### Goal of the exercise
Would you copy the records below, exactly and only from their first line through the line containing "Grown up Emma", without any pictures?

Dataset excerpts

◇ ◇ ◇ ◇ ◇ ◇ ◇

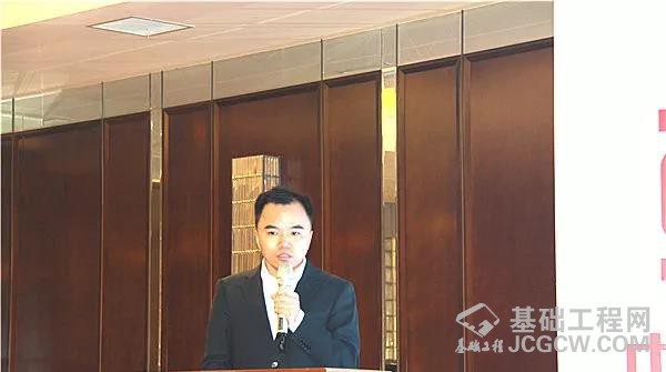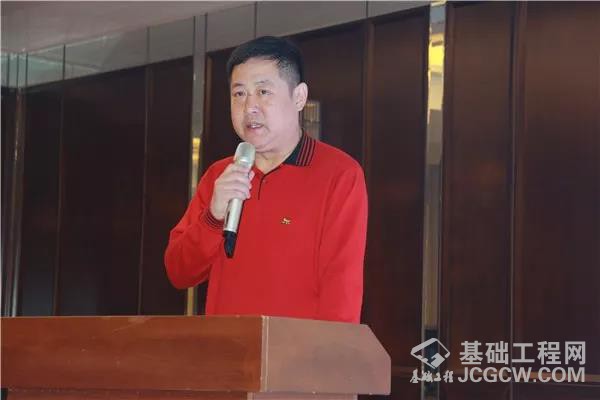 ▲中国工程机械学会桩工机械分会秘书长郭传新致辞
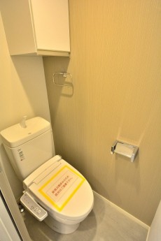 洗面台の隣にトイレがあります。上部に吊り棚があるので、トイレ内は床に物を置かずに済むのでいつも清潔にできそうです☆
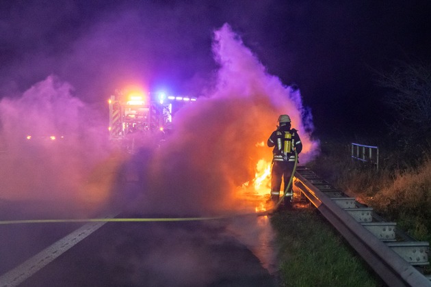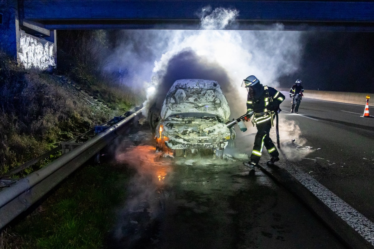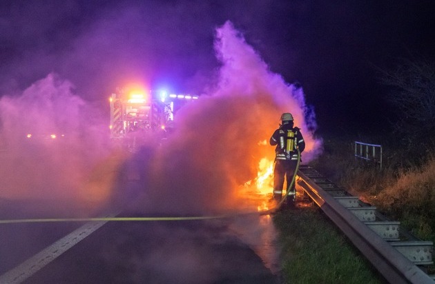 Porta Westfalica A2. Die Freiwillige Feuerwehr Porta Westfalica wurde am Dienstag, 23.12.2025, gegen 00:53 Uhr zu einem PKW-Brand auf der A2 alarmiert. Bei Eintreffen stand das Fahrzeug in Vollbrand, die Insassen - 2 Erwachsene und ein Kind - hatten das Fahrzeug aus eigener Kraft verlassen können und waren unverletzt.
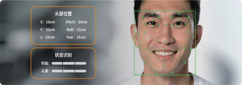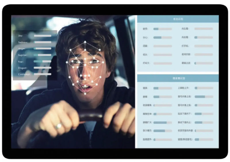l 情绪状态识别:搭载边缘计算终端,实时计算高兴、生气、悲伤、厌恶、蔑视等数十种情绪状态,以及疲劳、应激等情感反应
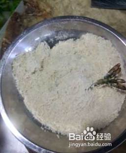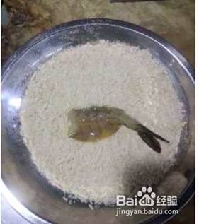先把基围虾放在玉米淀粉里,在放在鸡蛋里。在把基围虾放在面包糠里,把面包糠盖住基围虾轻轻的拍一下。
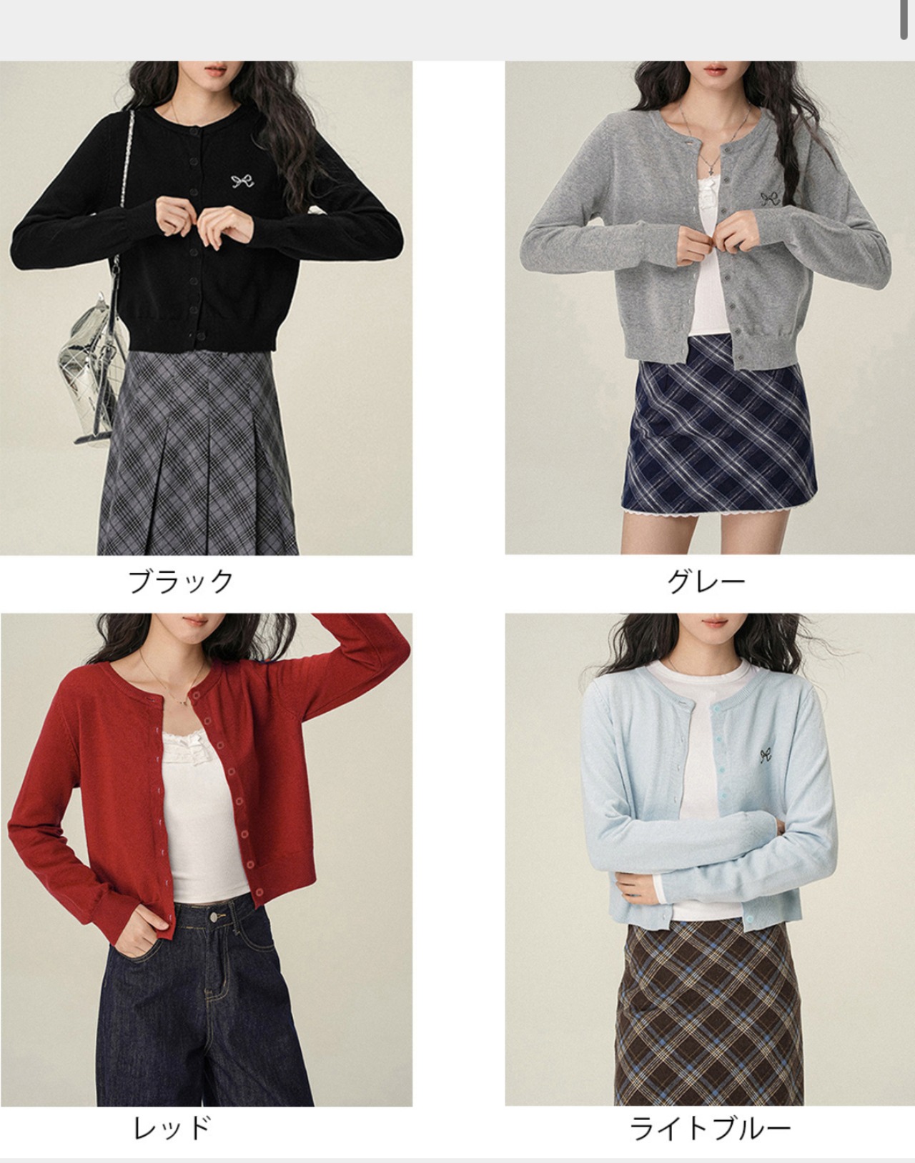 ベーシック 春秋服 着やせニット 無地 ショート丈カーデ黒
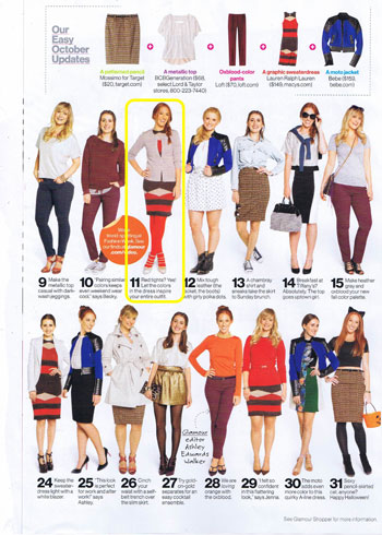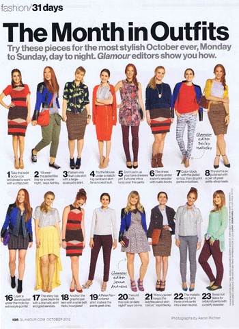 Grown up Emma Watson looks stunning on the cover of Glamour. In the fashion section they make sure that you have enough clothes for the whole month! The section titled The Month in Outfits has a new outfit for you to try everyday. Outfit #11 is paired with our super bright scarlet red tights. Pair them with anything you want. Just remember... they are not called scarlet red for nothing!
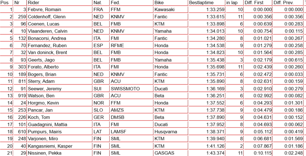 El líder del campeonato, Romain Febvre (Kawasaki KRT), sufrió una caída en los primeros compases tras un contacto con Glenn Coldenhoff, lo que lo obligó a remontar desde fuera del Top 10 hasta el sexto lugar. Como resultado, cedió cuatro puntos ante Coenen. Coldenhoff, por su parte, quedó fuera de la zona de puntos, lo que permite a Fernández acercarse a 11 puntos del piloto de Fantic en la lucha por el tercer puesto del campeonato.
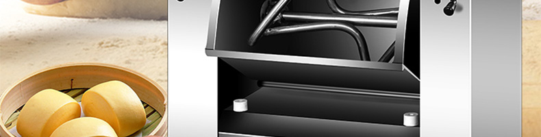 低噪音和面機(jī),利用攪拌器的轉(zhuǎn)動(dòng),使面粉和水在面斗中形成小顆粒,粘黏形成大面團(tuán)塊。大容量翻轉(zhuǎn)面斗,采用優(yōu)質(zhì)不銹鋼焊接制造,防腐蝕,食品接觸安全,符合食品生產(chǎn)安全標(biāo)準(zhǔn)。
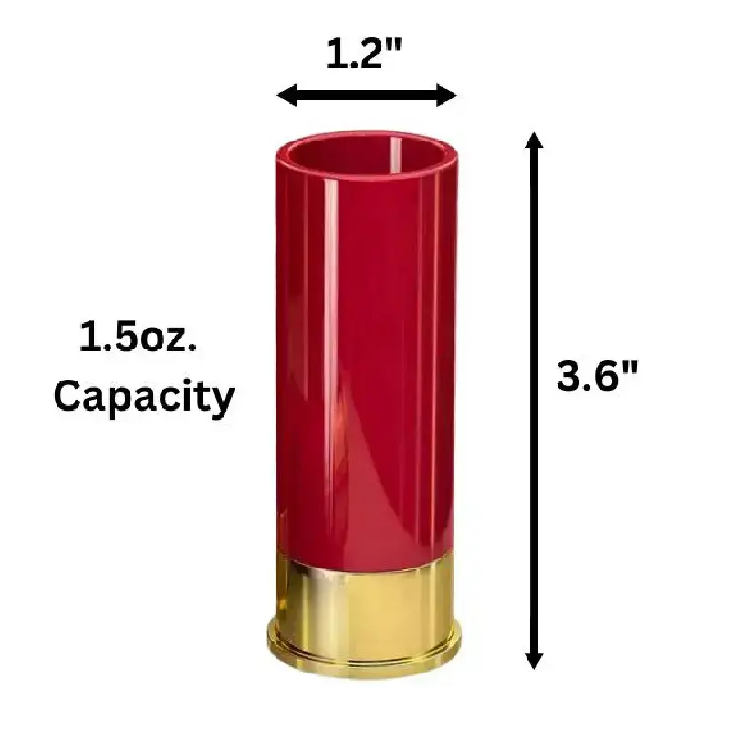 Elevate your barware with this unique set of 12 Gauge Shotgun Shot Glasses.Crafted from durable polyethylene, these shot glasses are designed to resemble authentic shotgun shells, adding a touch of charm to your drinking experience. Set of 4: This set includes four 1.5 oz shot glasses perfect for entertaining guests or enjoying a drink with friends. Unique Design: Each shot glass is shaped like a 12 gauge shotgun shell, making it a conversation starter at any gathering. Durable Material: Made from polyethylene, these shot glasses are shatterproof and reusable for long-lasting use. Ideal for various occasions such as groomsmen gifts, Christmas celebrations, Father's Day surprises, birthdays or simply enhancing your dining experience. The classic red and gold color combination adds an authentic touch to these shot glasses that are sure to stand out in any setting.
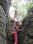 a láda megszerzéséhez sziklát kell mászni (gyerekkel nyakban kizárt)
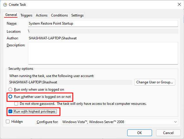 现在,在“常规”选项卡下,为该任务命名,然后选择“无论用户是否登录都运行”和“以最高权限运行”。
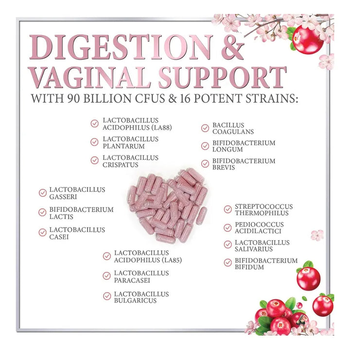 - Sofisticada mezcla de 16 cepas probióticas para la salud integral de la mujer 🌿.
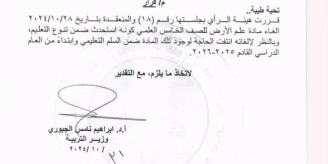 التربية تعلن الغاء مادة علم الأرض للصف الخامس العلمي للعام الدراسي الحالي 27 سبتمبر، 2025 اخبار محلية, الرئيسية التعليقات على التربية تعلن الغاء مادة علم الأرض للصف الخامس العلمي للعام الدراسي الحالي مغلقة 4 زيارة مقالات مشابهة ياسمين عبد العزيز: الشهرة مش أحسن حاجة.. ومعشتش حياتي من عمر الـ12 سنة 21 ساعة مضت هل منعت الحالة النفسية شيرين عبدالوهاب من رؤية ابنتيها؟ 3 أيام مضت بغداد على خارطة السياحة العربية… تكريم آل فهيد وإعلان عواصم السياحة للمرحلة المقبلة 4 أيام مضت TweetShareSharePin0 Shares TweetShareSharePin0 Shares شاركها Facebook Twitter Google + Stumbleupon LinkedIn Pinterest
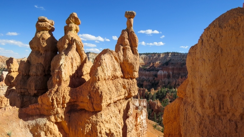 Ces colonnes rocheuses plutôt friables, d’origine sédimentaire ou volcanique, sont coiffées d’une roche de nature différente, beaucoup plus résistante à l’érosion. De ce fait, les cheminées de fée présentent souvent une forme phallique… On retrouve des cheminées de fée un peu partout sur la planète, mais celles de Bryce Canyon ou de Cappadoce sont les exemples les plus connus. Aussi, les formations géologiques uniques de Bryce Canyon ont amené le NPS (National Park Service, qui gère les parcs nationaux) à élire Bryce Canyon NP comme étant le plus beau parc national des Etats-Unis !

◇ ◇ ◇ ◇ ◇ ◇ ◇

### The answer
 ▲中国工程机械学会桩工机械分会秘书长郭传新致辞
 洗面台の隣にトイレがあります。上部に吊り棚があるので、トイレ内は床に物を置かずに済むのでいつも清潔にできそうです☆
 Porta Westfalica A2. Die Freiwillige Feuerwehr Porta Westfalica wurde am Dienstag, 23.12.2025, gegen 00:53 Uhr zu einem PKW-Brand auf der A2 alarmiert. Bei Eintreffen stand das Fahrzeug in Vollbrand, die Insassen - 2 Erwachsene und ein Kind - hatten das Fahrzeug aus eigener Kraft verlassen können und waren unverletzt.
l 情绪状态识别:搭载边缘计算终端,实时计算高兴、生气、悲伤、厌恶、蔑视等数十种情绪状态,以及疲劳、应激等情感反应
先把基围虾放在玉米淀粉里,在放在鸡蛋里。在把基围虾放在面包糠里,把面包糠盖住基围虾轻轻的拍一下。
 ベーシック 春秋服 着やせニット 無地 ショート丈カーデ黒
 Grown up Emma Watson looks stunning on the cover of Glamour. In the fashion section they make sure that you have enough clothes for the whole month! The section titled The Month in Outfits has a new outfit for you to try everyday. Outfit #11 is paired with our super bright scarlet red tights. Pair them with anything you want. Just remember... they are not called scarlet red for nothing!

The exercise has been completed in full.